## TASK BRIEF
In the entries below, find the line containing "ゆいるなさんの男性向けラノベタイトル風あだ名をツクッター!" and the line containing "11か月間で体重が4kg増え". Copy those two lines and everything between them exactly, and only that.

## EXERCISE MATERIALS

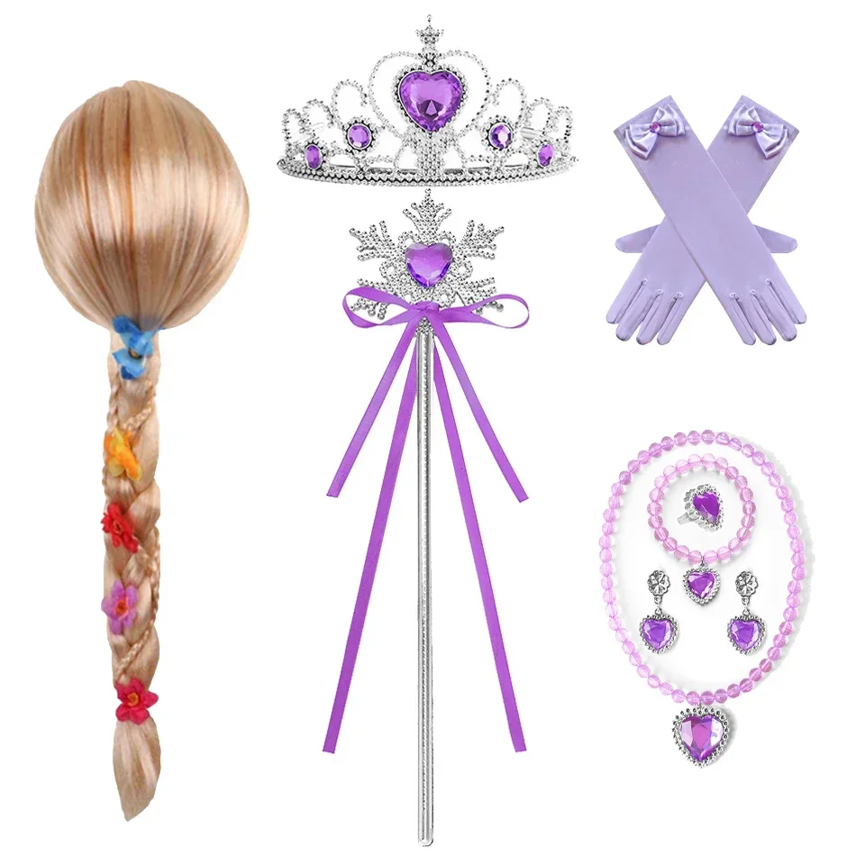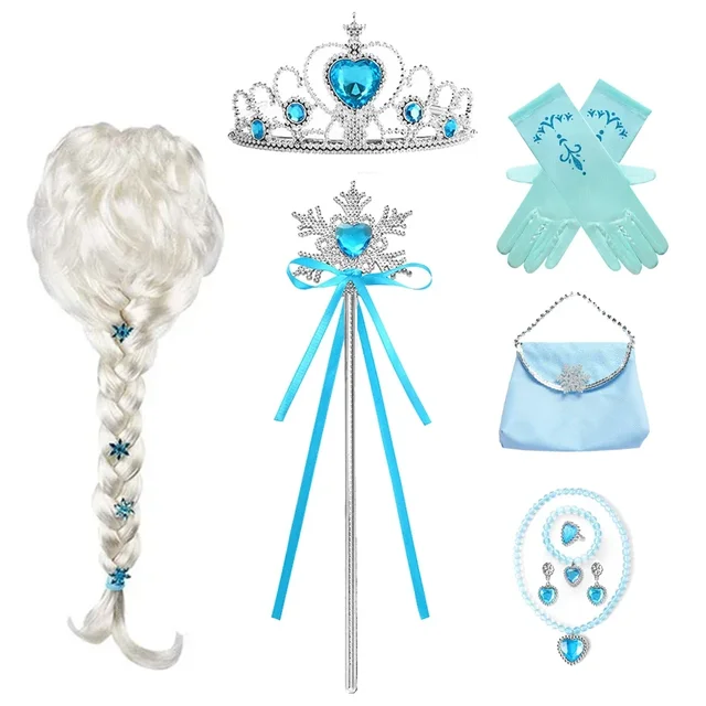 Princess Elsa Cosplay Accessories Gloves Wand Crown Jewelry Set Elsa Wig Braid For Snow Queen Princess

--

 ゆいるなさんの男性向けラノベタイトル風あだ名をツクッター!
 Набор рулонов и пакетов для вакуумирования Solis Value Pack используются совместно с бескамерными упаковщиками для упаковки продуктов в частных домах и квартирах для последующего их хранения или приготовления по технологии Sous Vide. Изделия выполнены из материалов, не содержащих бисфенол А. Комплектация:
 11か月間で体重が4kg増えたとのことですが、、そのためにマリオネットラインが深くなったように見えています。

## SOLUTION TO THE EXERCISE
 ゆいるなさんの男性向けラノベタイトル風あだ名をツクッター!
 Набор рулонов и пакетов для вакуумирования Solis Value Pack используются совместно с бескамерными упаковщиками для упаковки продуктов в частных домах и квартирах для последующего их хранения или приготовления по технологии Sous Vide. Изделия выполнены из материалов, не содержащих бисфенол А. Комплектация:
 11か月間で体重が4kg増えたとのことですが、、そのためにマリオネットラインが深くなったように見えています。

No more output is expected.